## INSTRUCTIONS TO FOLLOW
Your task is to copy the lines of the data below from the line holding "kookplaat met afzuiging)" through the line holding "Cubos de filet", inclusive, exactly and with nothing added.

## RECORDS SUPPLIED
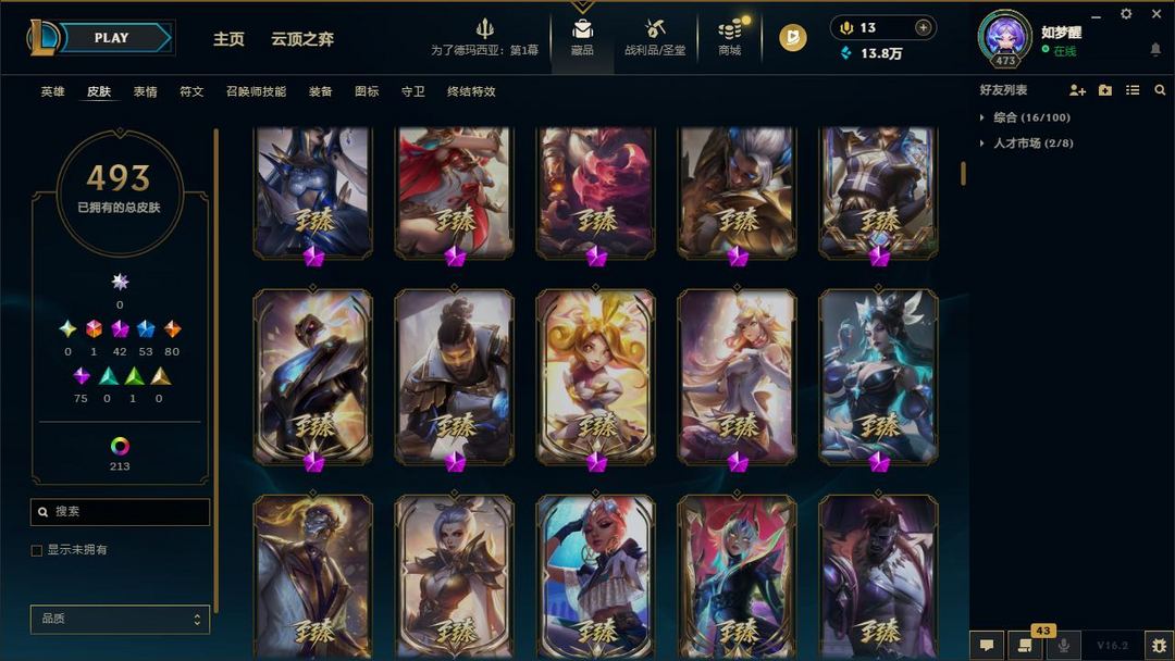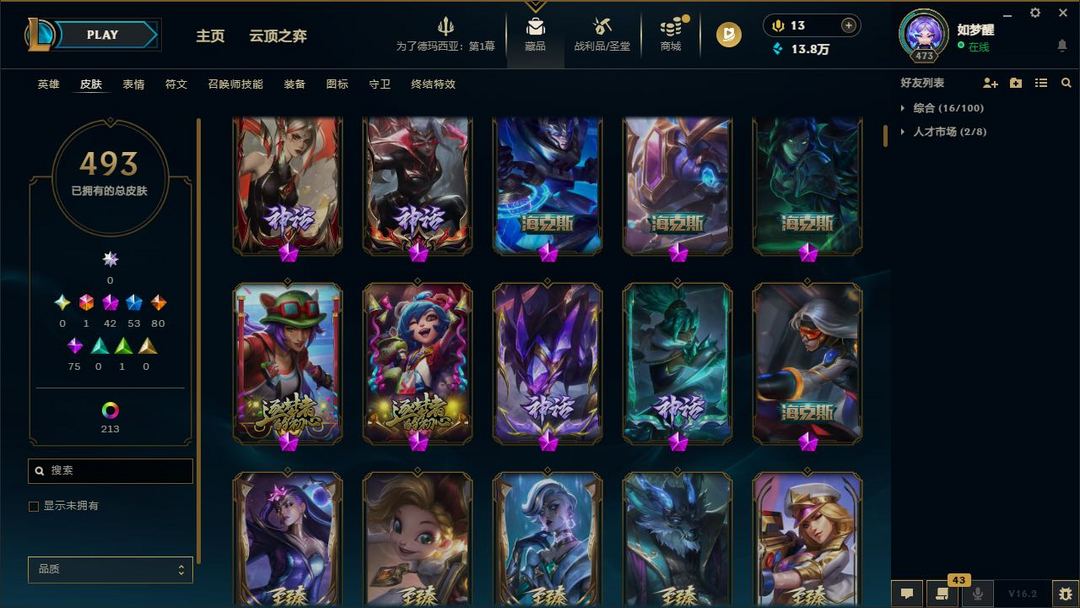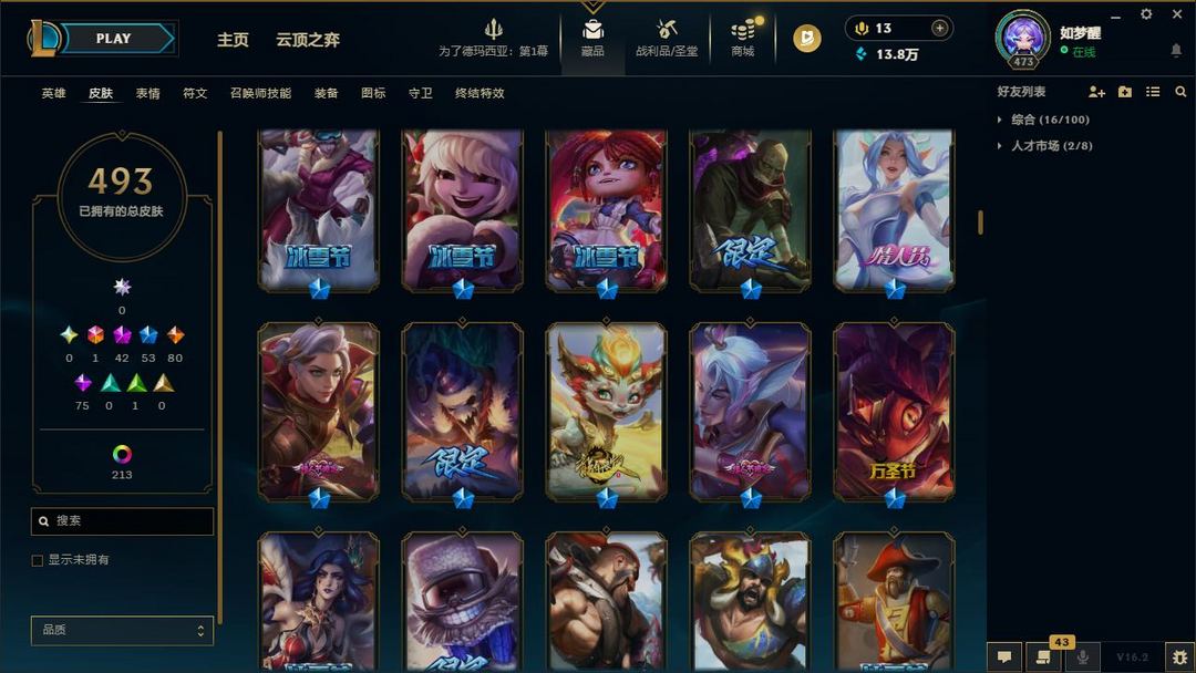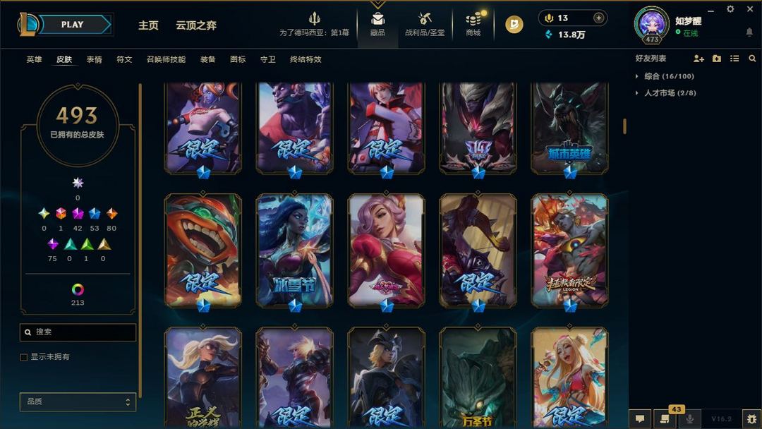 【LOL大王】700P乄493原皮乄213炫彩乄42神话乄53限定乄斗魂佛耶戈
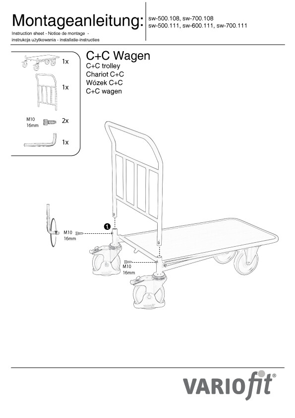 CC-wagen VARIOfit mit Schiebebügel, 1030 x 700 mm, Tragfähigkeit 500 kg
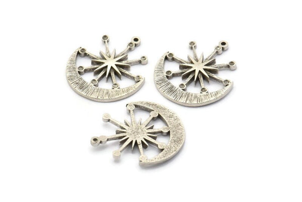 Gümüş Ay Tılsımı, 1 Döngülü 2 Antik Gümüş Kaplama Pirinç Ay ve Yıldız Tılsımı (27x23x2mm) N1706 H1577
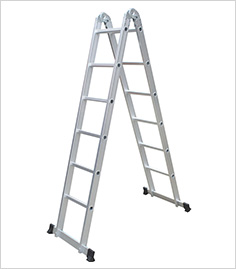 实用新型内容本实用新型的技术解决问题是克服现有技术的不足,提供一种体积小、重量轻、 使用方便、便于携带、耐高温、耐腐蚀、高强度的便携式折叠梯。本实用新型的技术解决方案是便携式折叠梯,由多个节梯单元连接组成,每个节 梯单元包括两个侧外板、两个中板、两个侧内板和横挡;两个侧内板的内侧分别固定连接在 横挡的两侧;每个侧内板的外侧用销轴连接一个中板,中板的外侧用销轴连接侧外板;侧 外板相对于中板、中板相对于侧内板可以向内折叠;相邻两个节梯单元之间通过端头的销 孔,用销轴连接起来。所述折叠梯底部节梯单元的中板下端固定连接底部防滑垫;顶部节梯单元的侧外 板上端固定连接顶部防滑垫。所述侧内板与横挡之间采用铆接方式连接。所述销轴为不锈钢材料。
--
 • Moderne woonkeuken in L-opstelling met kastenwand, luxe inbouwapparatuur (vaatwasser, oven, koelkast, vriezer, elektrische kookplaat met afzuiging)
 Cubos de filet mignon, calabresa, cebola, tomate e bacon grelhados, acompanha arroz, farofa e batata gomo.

## RESPONSE
 • Moderne woonkeuken in L-opstelling met kastenwand, luxe inbouwapparatuur (vaatwasser, oven, koelkast, vriezer, elektrische kookplaat met afzuiging)
 Cubos de filet mignon, calabresa, cebola, tomate e bacon grelhados, acompanha arroz, farofa e batata gomo.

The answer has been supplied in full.